2009-06-09 22:35:11 | 窯詰め、素焼、本焼の話し
窯詰めは、人により、又窯の種類により、色々な方法が有ると思います。

窯の種類も、燃料を使用する物、燃料を使用しない窯(即ち、電気窯)に分かれ、

更に燃料も、薪、灯油、ガス(都市ガス、プロパンガス)と、多彩です。

ここでは、電気、灯油、ガスを使った窯に付いて、一般的な事を、述べます。

窯の大きさによって、棚板の大きさ、枚数(何枚敷きか)も、違いが有るのは当然です。

 棚板の形状も、正方形、長方形、丸(円盤)形(窯の内側が円形の物)と色々有ります。

又 棚板を支える、支柱の高さも、数種類揃える必要が有ります。

 例として、私の窯(手作り、プロパンガス、容積0.33立方米)に付いて記しますと、

 棚板: 33cmX33cm、4枚敷き

 支柱の高さ: 3、4.5、6、7.5、9、12、15、18、21cm

 バーナー数: 6、  倒炎式、横扉構造です。

1) 棚板の組み方

 ① 棚板1枚に、3個の支柱(L字型)を使うのが、一般的です。(4個を使う人もいます)

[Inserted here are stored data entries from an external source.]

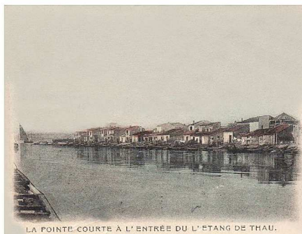
LA POINTE-COURTE À L'ENTRÉE DU L'ÉTANG DE THAU.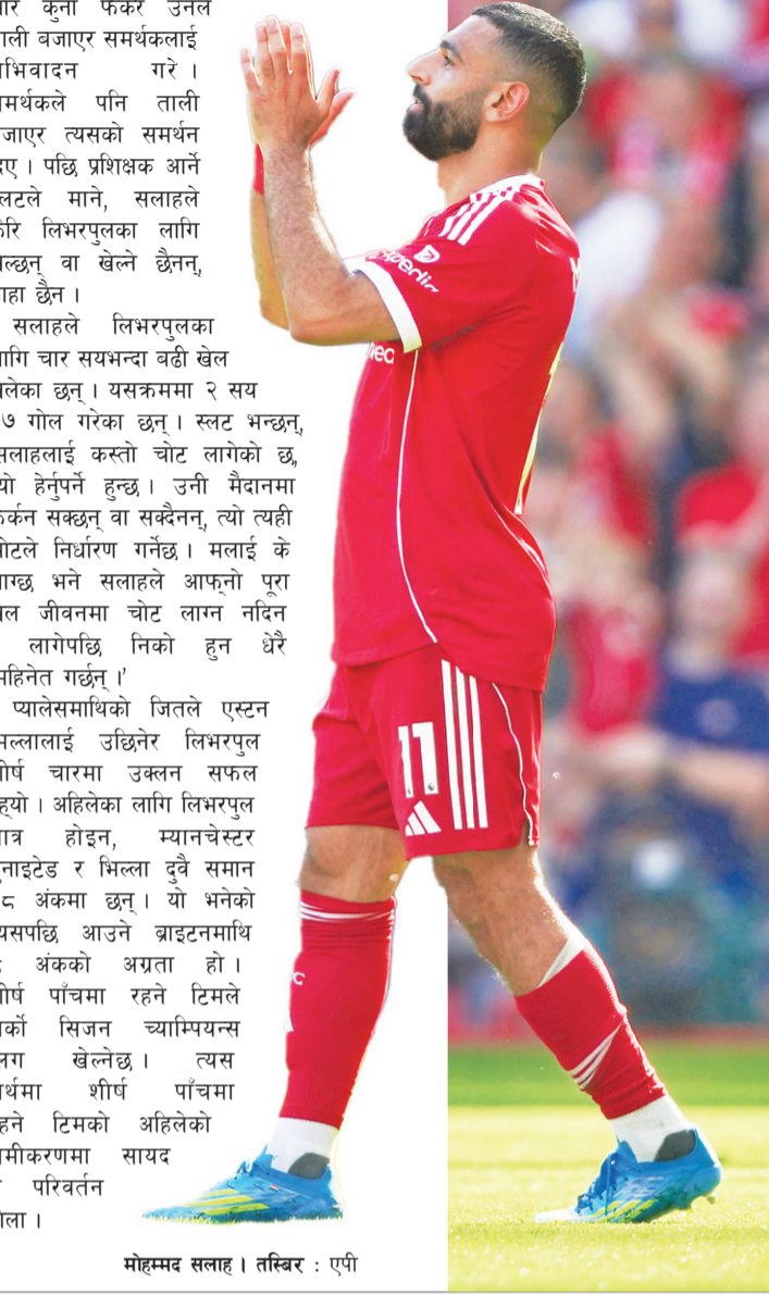
मोहम्मद सलाह।

सलाहले लिभरपुलका लागि चार सयभन्दा बढी खेल खेलेका छन्। यसक्रममा २ सय ५७ गोल गरेका छन्। स्लट भन्छन्, 'सलाहलाई कस्तो चोट लागेको छ, त्यो हेर्नुपर्ने हुन्छ। उनी मैदानमा फर्कन सक्छन् वा सक्दैनन्, त्यो त्यही चोटले निर्धारण गर्नेछ। मलाई के लाग्छ, भने सलाहले आफ्नो पूरा खेल जीवनमा चोट लाग्न नदिन र लागेपछि निको हुन धेरै मिहिनेत गर्छन्।' प्यालेसमाथिको जितले एस्टन भिल्लालाई उछिनेर लिभरपुल शीर्ष चारमा उक्लन सफल रह्यो। अहिलेका लागि लिभरपुल मात्र होइन, म्यानचेस्टर युनाइटेड र भिल्ला दुवै समान ५८ अंकमा छन्। यो भनेको त्यसपछि आउने ब्राइटनमाथि ८ अंकको अग्रता हो। शीर्ष पाँचमा रहने टिमले अर्को सिजन च्याम्पियन्स लिग खेल्नेछ। त्यस अर्थमा शीर्ष पाँचमा रहने टिमको अहिलेको समीकरणमा सायद नै परिवर्तन होला।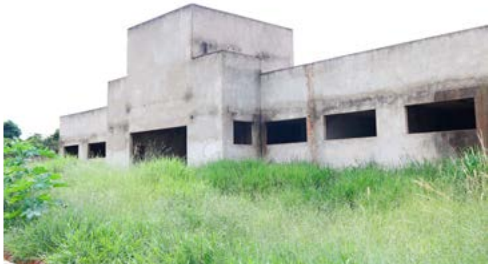
UBS's Itavilly, obra paralisada, mas com gestão da nova 'prefeita para não perder os recursos

As Unidades Básicas de Saúde (UBS's) dos bairros Itavilly e Jardim Esmeralda requerem atenção especial. "Desde 2013 os recursos vêm sendo repassados pelo Gover-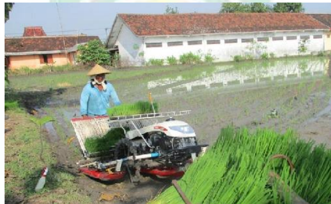
Gambar 4 mesin tanam padi

Rice transplanter teknologi Korea, Taiwan maupun China yang dinilai lebih terjangkau dari segi harga, saat ini telah dimiliki dan mulai digunakan di beberapa daerah di Indonesia, termasuk di Sulawesi Selatan bersamaan teknologi pembibitan padi hemat lahan. Rice transplanter adalah jenis mesin penanam padi yang dipergunakan untuk menanam bibit padi yang telah disemaikan pada areal khusus dengan umur tertentu, pada areal tanah sawah kondisi siap tanam, mesin dirancang untuk bekerja pada lahan berlumpur (puddle). Oleh karena itu mesin ini dirancang ringan dan dilengkapi dengan alat pengapung.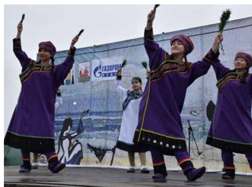
Праздник «Кормление духа – хозяина моря» на острове Сахалин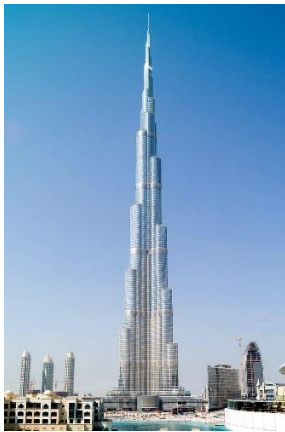
Burj Khalifa in Dubai

Interessanterweise sind die Menschen auch heute noch daran interessiert, sehr hohe Gebäude zu bauen. Schätz mal, wie hoch diese Gebäude sind. Du darfst auch ins Internet schauen: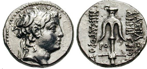
(شكل رقم 11)

http://www.wildwinds.com/coins/greece/seleucia/demetrios_II/Houghton_0567.jpg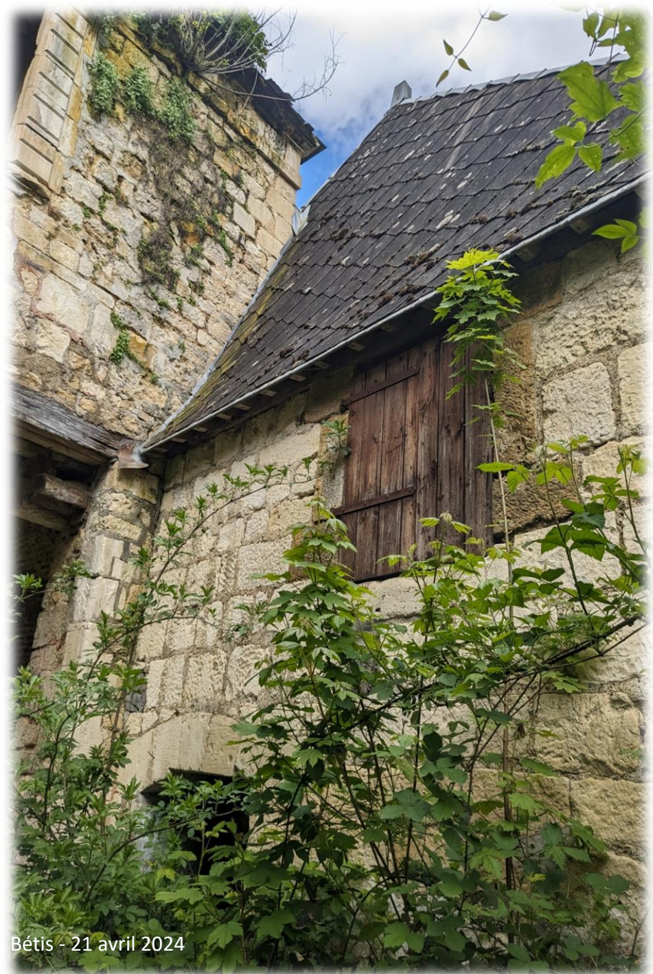
Montage d'Eméranc Bétis - 21 avril 2024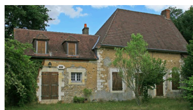
Chapelle Saint-Blaise du Houx (à droite).

   2個は、棚板の角に、他の1個は、反対側の辺の中央に、置きます。

  3個は、棚板を安定に保持すると同時に、棚板の広さを、有効に使う事が出来ます。

  (4個の場合、支柱1本が、浮き上がり、調整する場合も有ります。)

 ② 支柱の位置は、下から上まで、同じ位置にします。

   (支柱が、1本の様に見える様にします)

   支える強度を、強くする為です。

 ③ 窯の構造に関係なく、下から上へと、作品を、順次積み上げていきます。

  ) 窯の内側の底面より、3~5cm浮かせた位置に、最下部の棚板を敷きます。

    浮かせるのに、「さいころ」状の支柱を使います。

  ) 複数枚を敷く場合、指1本分、隙間を開けて、並べます。

  ) 1段目の作品を、置いていきます。

    奥の方から、作品間に、指1本ほどの間隔を取り、並べて置いて行きます。

    「行き当たりばったり」だと、何度も作品の位置を、変えなければ、ならなく成ります。

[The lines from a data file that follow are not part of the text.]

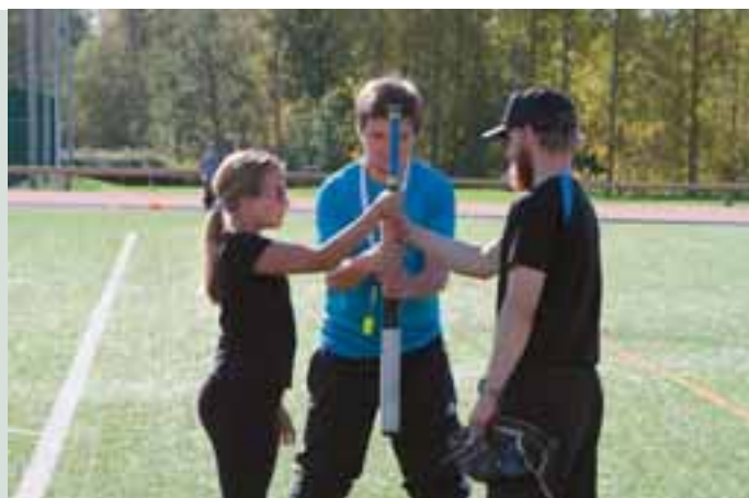
Jo hutunkeitossa e-tytöt määräsivät suunnan otteluun

Vajaan vuoden ikäinen rovaniemeläinen naisleijonaklubi oli hyvällä asialla jo kolmannen kerran. Vain kuukausi sitten Ronjat vierailivat Rovaniemen Nuorten Äitien pikkujouluissa vieden sinne mukanaan oikean Napapiirin Joulupukin sekä pussillisen lahjoja äideille sekä heidän pienokaisil-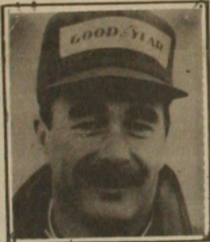
Nigel Mansell, melhor tempo nos treinos de ontem no Canadá.

Depois de uma inesperada quebra do motor de seu Marlboro McLaren Honda titular no treino da manhã, que o fez perder quase a metade do tempo oficial cronometrado, o brasileiro Ayrton Senna ficou com o terceiro melhor tempo do primeiro dia de treinos para o Grande Prêmio Canadá de Fórmula 1. O atual líder do Campeonato Mundial de Pilotos, fez tempo de 1min35s843 contra 1min35s065 do "Pole-Position" provisório, o inglês Nigel Mansell, da Williams Renault. Outro piloto rápido foi o francês Jean Alesi (Ferrari), que conseguiu a segunda marca, com 1min35s257. Logo atrás de Senna classificaram-se Roberto Moreno (Benetton), Alain Prost (Ferrari), Andréa De Césaris (Jordan) e Nelson Piquet (Benetton). Os treinos cronometrados foram realizados com pista molhada no Circuito Gilles Villeneuve.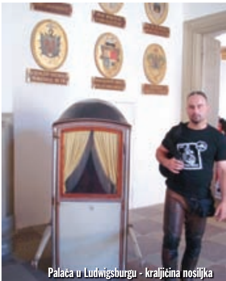
Palaca u Ludwigsburgu - kraljicina nosiljka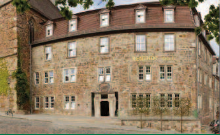
1.2 Renthof Kassel Frühstück vom Feinsten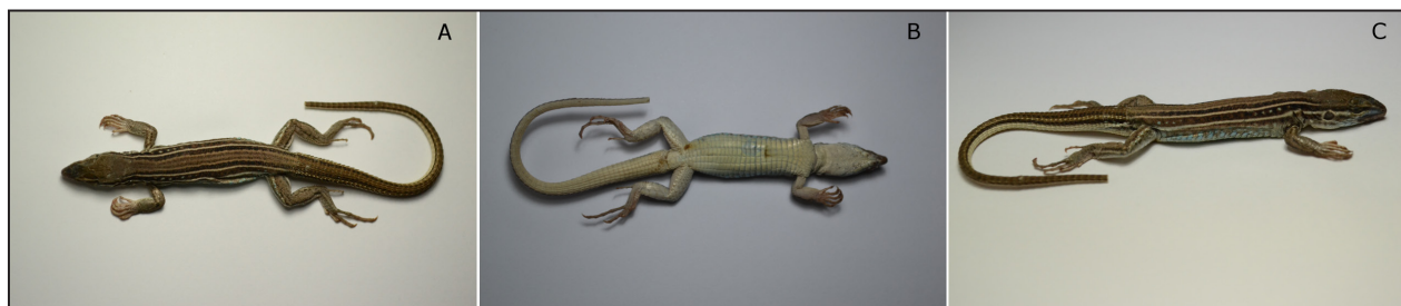
Figura 2. Vista dorsal (A), ventral (B) y dorso lateral (C) del ejemplar macho (LHC 67 mm; UNSJ-2632) de Ameivula abalosi colectado en el Departamento Valle Fértil, provincia de San Juan.

estrato arbustivo constituido por quebracho blanco ( Aspidosperma quebracho-blanco ), algarrobos ( Prosopis spp.), brea ( Cercidium praecox ), jarilla ( Larrea divaricata ) y lata ( Mimozyanthus carinatus ), entre otros; el área se encuentra perturbada por la tala y sobrepastoreo (Márquez et al. , 2014). En sintopía con A. abalosi se ha registrado la presencia de especies características del Chaco como Liolaemus chacoensis , Teius teyou y Stenocercus doellojuradoi , como también Aurivela longicauda , representante de la ecorregión del Monte.

    当然、塗った釉に、悪影響を与えますので、なるべく、移動が少ない様に、

    予め予想を立ててから、行動して下さい。

 ④ 上下の棚板の間隔について

   炎や、熱を窯全体に、均一に伝える為、棚板の上下の隙間も、重要な要素です。

   ) 下部を密にし、上部を粗く、して行く方法

      下部に背の低い作品を置き、上に行くに従い、段々背の高い作品を置いて行く方法

      即ち、下部には、短い支柱を使い、上に行くに従い、徐々に長い支柱を使います。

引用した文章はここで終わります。